#### [TASK MATERIAL]

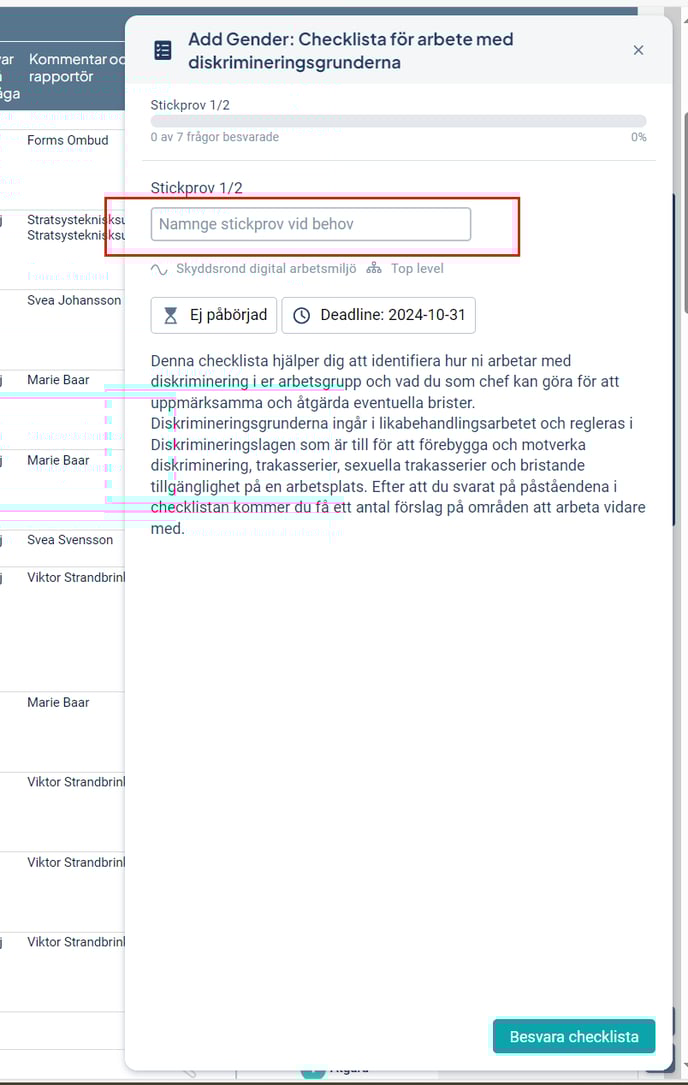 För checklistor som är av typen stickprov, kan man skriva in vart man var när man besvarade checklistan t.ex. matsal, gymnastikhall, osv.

---

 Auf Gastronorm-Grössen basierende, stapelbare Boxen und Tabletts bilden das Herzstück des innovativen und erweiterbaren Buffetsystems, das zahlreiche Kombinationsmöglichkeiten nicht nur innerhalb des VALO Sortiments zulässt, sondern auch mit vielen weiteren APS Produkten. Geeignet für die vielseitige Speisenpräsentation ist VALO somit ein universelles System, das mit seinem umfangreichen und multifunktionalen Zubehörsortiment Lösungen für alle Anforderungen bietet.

...

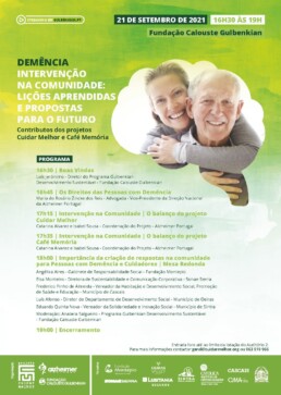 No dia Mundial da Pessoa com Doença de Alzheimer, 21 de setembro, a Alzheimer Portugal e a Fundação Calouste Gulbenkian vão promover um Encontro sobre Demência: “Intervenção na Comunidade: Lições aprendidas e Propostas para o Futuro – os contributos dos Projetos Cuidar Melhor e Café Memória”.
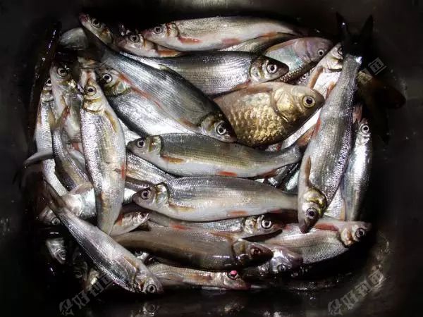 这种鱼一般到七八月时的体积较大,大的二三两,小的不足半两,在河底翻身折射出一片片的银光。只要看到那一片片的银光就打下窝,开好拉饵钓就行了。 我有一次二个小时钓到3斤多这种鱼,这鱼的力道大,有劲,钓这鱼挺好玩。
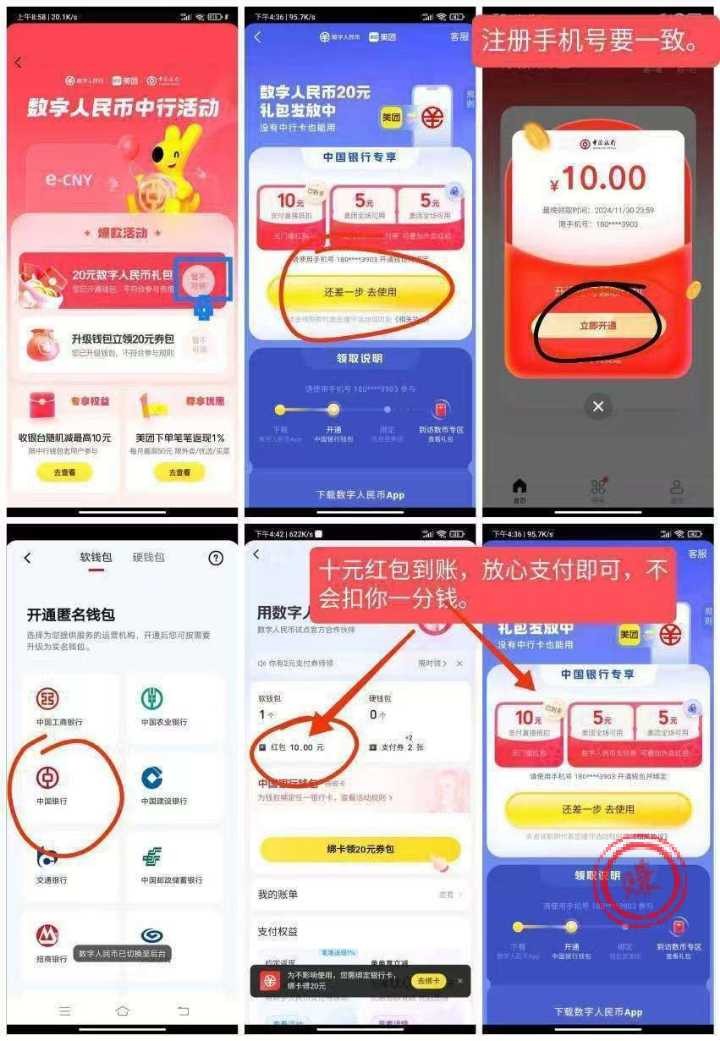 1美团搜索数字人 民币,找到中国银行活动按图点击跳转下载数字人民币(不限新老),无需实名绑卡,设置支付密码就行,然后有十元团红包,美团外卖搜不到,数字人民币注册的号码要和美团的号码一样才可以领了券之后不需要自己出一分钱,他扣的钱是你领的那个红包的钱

#### [TASK]
In the listing above, find the line containing "这种鱼一般到七八月时的体积较" and the line containing "1美团搜索数字人 民币,找到", then print exactly those two lines and every line between them, minus the pictures.

#### [TASK RESULT]
 这种鱼一般到七八月时的体积较大,大的二三两,小的不足半两,在河底翻身折射出一片片的银光。只要看到那一片片的银光就打下窝,开好拉饵钓就行了。 我有一次二个小时钓到3斤多这种鱼,这鱼的力道大,有劲,钓这鱼挺好玩。
 1美团搜索数字人 民币,找到中国银行活动按图点击跳转下载数字人民币(不限新老),无需实名绑卡,设置支付密码就行,然后有十元团红包,美团外卖搜不到,数字人民币注册的号码要和美团的号码一样才可以领了券之后不需要自己出一分钱,他扣的钱是你领的那个红包的钱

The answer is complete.